今日の福音でイエス様は、とても厳しいことを語られました。要するに、「自分の体の一部が自分をつまずかせるなら、それを切り捨てないと神様の国には入れない」ということだったでしょう。この御言葉を考えながら、わたしは、「自分はどうなるか分からないが、もし自分が神様の国に入れるとしたら、多分、満身創痍とならなければ、決して入れない」と思いました。そして同時に、「果たして、体や心がそのようにめちゃくちゃになっても、それでも天国には入る価値があるのだろうか」とも考えました。勿論、そうでしょう。

現存するヴァイオリンの中で一番高いものは、いくらぐらいのものでしょう。それは、メシアと呼ばれるストラディバリウスで、20億円以上だそうです。イギリスのある博物館にあるそうですが、あまりにも高級で貴重なものだから、実際に演奏されることはめったにないようです。ある意味、残念で悲しいことでしょう。ヴァイオリンだけでなく、すべての楽器は演奏者によってその音が響かなければ、意味がないと思います。いかに素晴らしいものだとしても、必要なところで正しく使われなければ、何の意味もないでしょう。人間も同じだと思います。

よく考えてみると、神様が創ってくださったものはすべてすばらしいです。それは、神様の愛の作品ですが、その愛の作品の中でも一番の傑作は、言うまでもなく人間だと思います。神様はいつもご自分のすべての作品を祝福し、また、人間には特別な愛と恵みを注いでくださいます。それは、人間を通して、すべてのものが神様のみ旨に適うものとなるためでしょう。でも、人間は神様のその豊かな愛と恵みを忘れて、神様のみ旨ではなく、自分の思いや欲心を満足させるために生きているような気がします。

そういう生き方こそが、自分をつまずかせることには、あまり気づかないようです。自分の事だけを考えても、毎朝、目を覚ますと、もう罪の一日の始まりでしょう。このままだったら、今日の福音が語っているように、自分は天国に入れるとしても、もう満身創痍となっているに違いないでしょう。確かに、福音はとても厳しく恐ろしいですが、一方、優しい面もあります。イエス様は憤慨していたに違いないヨハネに、「やめさせてはならない。… わたしたちに逆らわない者は、わたしたちの味方なのである。」とおっしゃいました。優しいでしょう。

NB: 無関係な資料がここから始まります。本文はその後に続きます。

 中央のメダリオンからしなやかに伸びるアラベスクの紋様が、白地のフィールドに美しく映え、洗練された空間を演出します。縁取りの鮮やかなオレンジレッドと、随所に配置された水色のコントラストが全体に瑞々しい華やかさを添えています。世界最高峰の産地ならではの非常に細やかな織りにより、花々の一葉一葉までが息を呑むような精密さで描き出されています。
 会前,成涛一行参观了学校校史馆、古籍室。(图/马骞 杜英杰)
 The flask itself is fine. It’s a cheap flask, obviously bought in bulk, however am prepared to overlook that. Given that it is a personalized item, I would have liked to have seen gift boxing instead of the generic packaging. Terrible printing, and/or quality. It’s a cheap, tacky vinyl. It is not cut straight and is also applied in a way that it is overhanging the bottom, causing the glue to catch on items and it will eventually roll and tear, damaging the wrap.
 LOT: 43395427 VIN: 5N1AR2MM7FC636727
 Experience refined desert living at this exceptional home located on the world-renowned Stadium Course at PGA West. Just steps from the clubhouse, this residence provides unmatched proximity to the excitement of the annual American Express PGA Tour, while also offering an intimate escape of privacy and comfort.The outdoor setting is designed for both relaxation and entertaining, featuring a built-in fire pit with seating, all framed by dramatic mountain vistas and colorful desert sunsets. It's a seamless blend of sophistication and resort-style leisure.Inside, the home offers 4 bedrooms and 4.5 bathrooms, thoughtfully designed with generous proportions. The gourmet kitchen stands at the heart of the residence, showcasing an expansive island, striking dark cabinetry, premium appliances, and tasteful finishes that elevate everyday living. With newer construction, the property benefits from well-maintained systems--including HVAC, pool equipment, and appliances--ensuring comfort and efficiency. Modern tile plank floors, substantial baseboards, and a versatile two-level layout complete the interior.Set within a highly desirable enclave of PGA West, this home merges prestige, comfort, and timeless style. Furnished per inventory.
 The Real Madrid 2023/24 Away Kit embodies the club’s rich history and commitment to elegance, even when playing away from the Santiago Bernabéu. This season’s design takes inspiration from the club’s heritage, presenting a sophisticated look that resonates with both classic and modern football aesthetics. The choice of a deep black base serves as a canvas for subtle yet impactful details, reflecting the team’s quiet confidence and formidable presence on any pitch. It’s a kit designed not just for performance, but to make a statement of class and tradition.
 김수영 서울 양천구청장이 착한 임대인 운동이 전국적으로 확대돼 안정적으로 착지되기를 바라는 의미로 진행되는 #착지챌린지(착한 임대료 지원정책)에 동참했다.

神様はイエス様が人となる際、特別な能力と恵みを授けられました。それは、すべての人の救いのための受難と死に向き合う愛、神様のみ旨だけに従う心だったのです。その愛と従順の果てに、イエス様は十字架上で体も心も満身創痍となって亡くなられました。でも、復活されたイエス様は新しい姿だったに違いありません。ここに、めちゃくちゃになっても、神様の国に入るように努める価値があるわけです。イエス様は、わたしたちが同じ愛と従順によって様々な誘惑につまずかず、それらの誘惑と向き合えるよう力づけてくださいます。神様に逆らわず、自分より神様のみ旨に適う生き方に沿って生き、神様が自分をお使いになるようにする、そのような生き方をイエス様は示してくださいました。そして、つまずいても落胆せず、悔い改めてイエス様の生き方に立ち帰るなら、神様の国で新しい体と心を頂くことができるのです。

神様は独り子を惜しまずに与えてくださいました。わたしたちも神様に物惜しみをせず、ささげましょう。イエス様は今日もご聖体の姿で、わたしたちに与えられます。神様がイエス様の御体を通してわたしたちを使ってくださり、み旨に適う人となれるよう、お祈りいたします。